The biggest difference was the transplantation of male kidneys into female recipients, where the chances of failure in the first year were 11% higher than average, and 8% more likely overall.

Still successful

They said that one advantage of "same-sex" transplants was that men would probably benefit from the higher concentrations of "nephrons" - the basic structural unit of the kidney - found in kidneys from men.

Women would profit from the lower risk of rejection on receiving a female donor kidney.

Dr Connie Davis, from the University of Washington in Seattle, said that the effect on the female immune system of male-specific molecules in donor tissue "could no longer be ignored".

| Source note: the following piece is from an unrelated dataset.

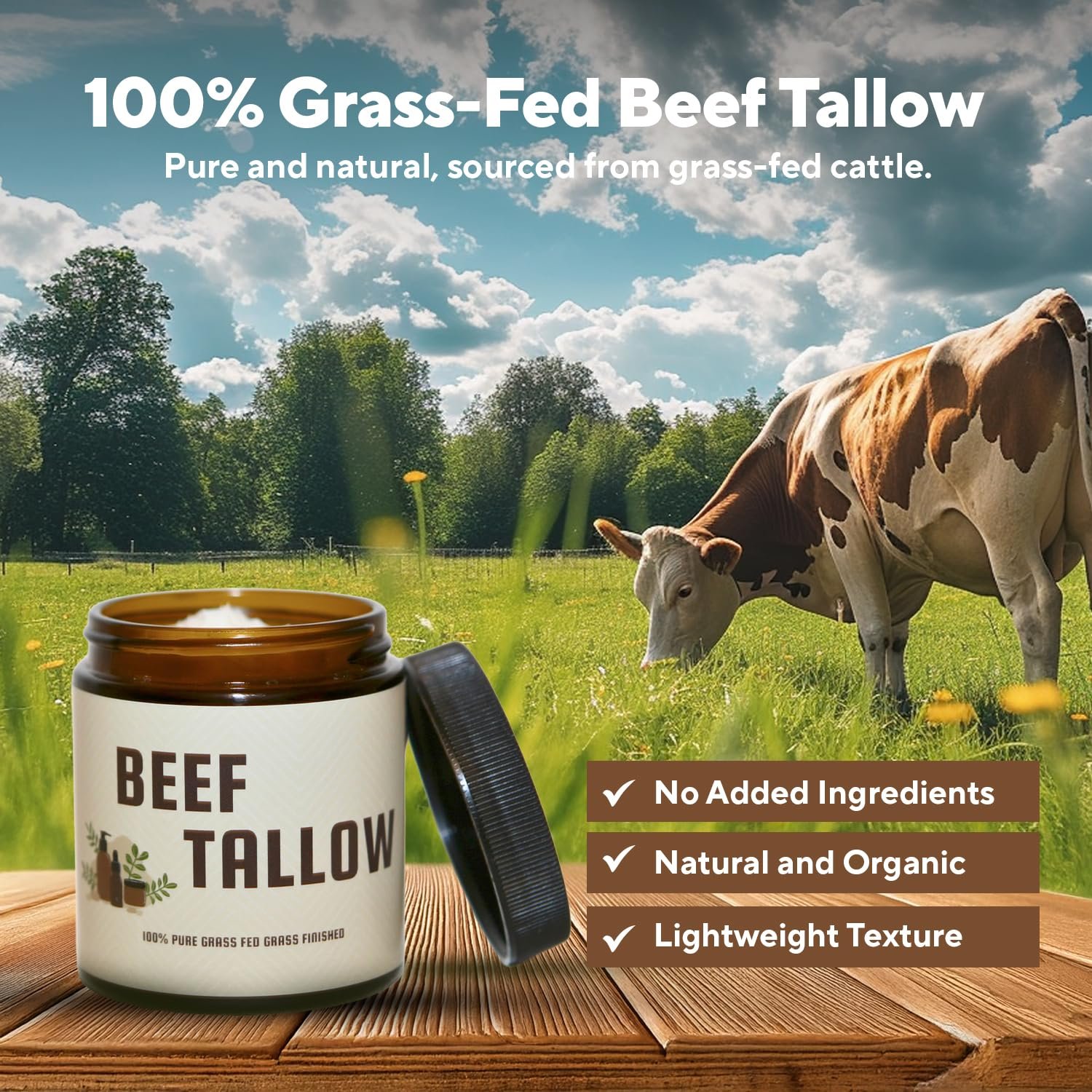100% PURE INGREDIENTS: Our product contains nothing but grass-fed and finished premium whipped beef tallow—no additives or fillers.

She said that the current success rates for donor organ transplantation - and the shortage of suitable organs, meant that policies should not change yet.

"The science is still too premature to suggest that allocation schemes from dead donors or selection of living donors for transplantation take notice of this effect."

However, a spokesman for UK Transplant said that its own study had found no differences between rejection rates between genders.

He said: "No statistical evidence was found to suggest any of the sex-related factors significantly affected post-transplant graft survival.

"Therefore, donor to recipient sex matching is not something that is considered in the kidney allocation scheme."